On the other hand, workers in corporations who are currently enjoy huge salaries will only be entitled to the annual 3 per cent increment.

“Although the pay structures are frozen, there is still an increase that is given as part of the notch increases that happen. A freeze in a structure doesn’t mean that there will be no pay rise in State corporations. There will be exceptions for State corporations that are also way below the 50th percentile. Those will be looked at on a case by case basis,” Ms Mengich said.

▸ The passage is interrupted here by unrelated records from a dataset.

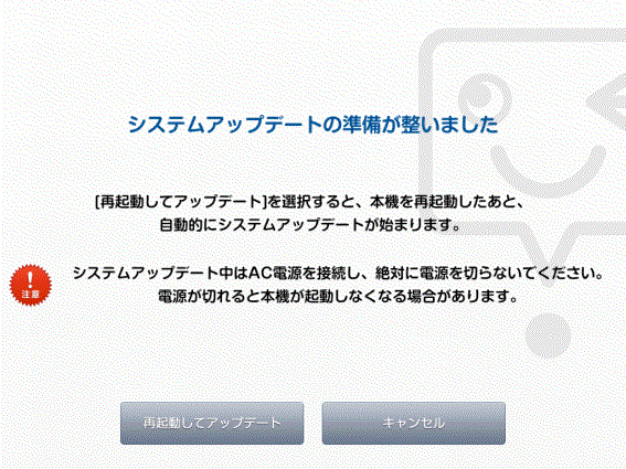 - 最新のシステムアップデートが見つかった場合、次の画面になります。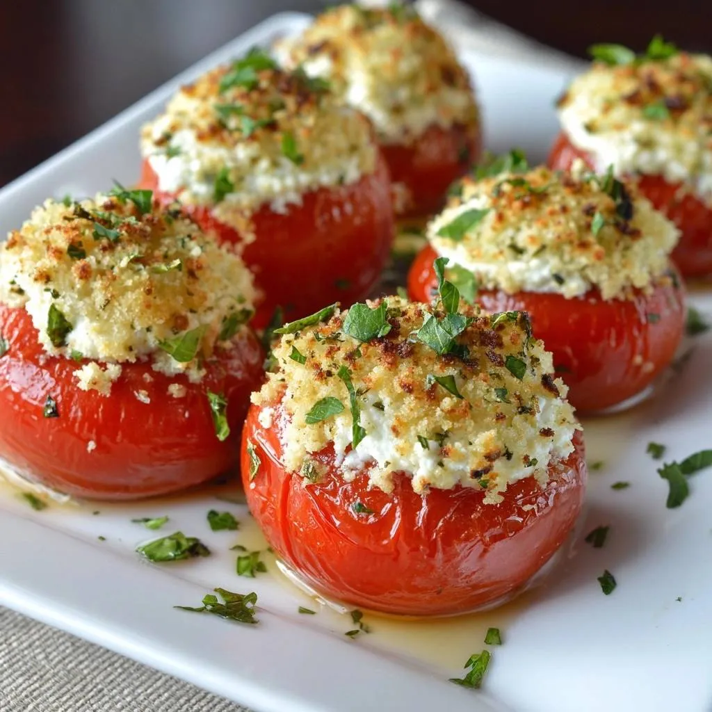 Foolproof crispy feta stuffed tomatoes with a draining method to prevent soggy filling and golden breadcrumb topping.
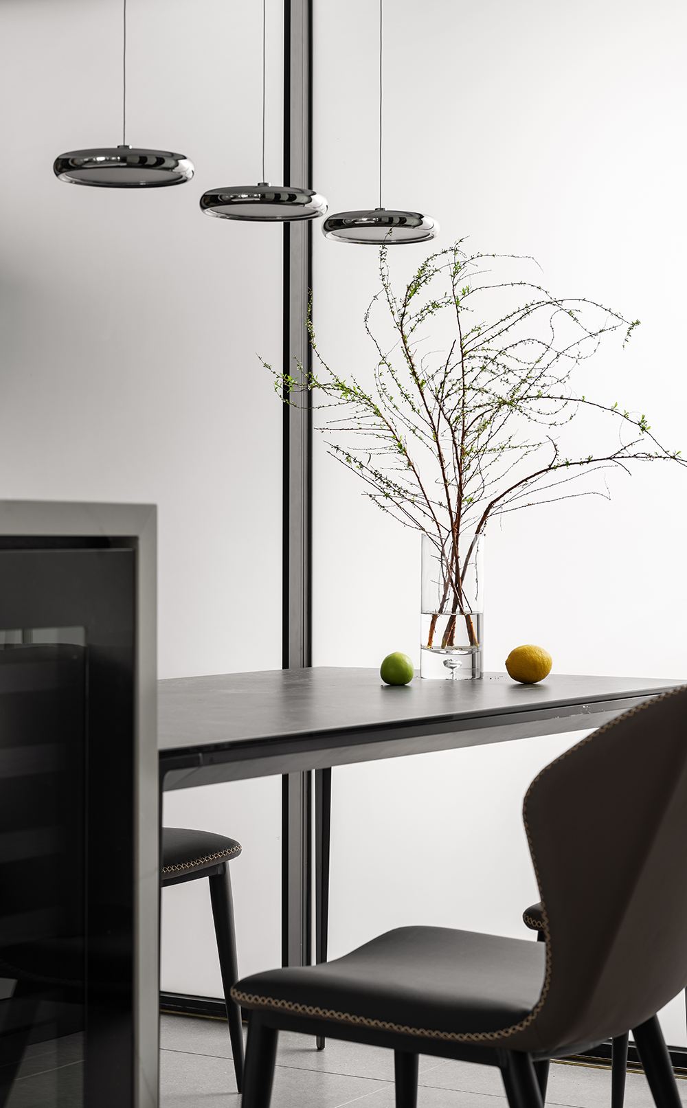 石板餐桌、咖色座椅、極具藝術感的吊燈融匯在整個餐廳設計中,增添了更具時尚感和個性感的格調,餐廳也以它獨有的空間語言延伸至每一頓餐食之中。

The proposed raise in salaries is part of the commission’s implementation of the 2021/22-2024/25 remuneration and benefits review cycle. On advice from Treasury, the commission had frozen salary increments in the first two years of the cycle— 2021/22 and 2022/23-due to the Covid-19 pandemic.

But SRC and Treasury said the economy had rebounded since last year and there were projections of continued positive performance.

Treasury CS Njuguna Ndung’u noted that the Sh21.66 billion allocation fell far short of the requests by SRC, but Treasury allocated the amount based on economic performance. The commission had indicated that Sh340 billion is needed to fully harmonise remuneration and benefits across the public service.

“The National Treasury appreciates the fact that this is not what SRC would have required but they have considered the slow economic recovery and the economic structure, they have looked at the structural inequality of growth and they have listened to the National Treasury,” Prof Ndung’u said.

The CS also said the model used in the distribution of the additional salaries was based on consideration of government workers who have suffered the most from prevailing economic hardships.

“We are budgeting that for this year and a similar amount for next year because we are conscious that we have to come down to the realities that public sector workers are struggling because of shocks that have hit the economy,” the CS said.

The salary increases are expected to push teachers from the 36th percentile to the 39th, and civil servants in national and county governments from the 39th percentile to the 42nd.

“The intention is to grow those that are below to catch up with those that are high. That is the thrust of this third remuneration review cycle. We are largely looking at how to progressively harmonise those that are at the lowest level, the TSC and the PSC, towards a better position,” said SRC Vice-Chair Amani Komora.

The commission announced the increase after communicating to public agencies in the national and county governments to abolish and/or review some four allowances that it considers double compensation.

The allowances include retreat, which is recommended for abolition, taskforce, which is recommended for review and abolition in some instances, and daily subsistence and sitting allowances for internal institutional committee members, recommended for review.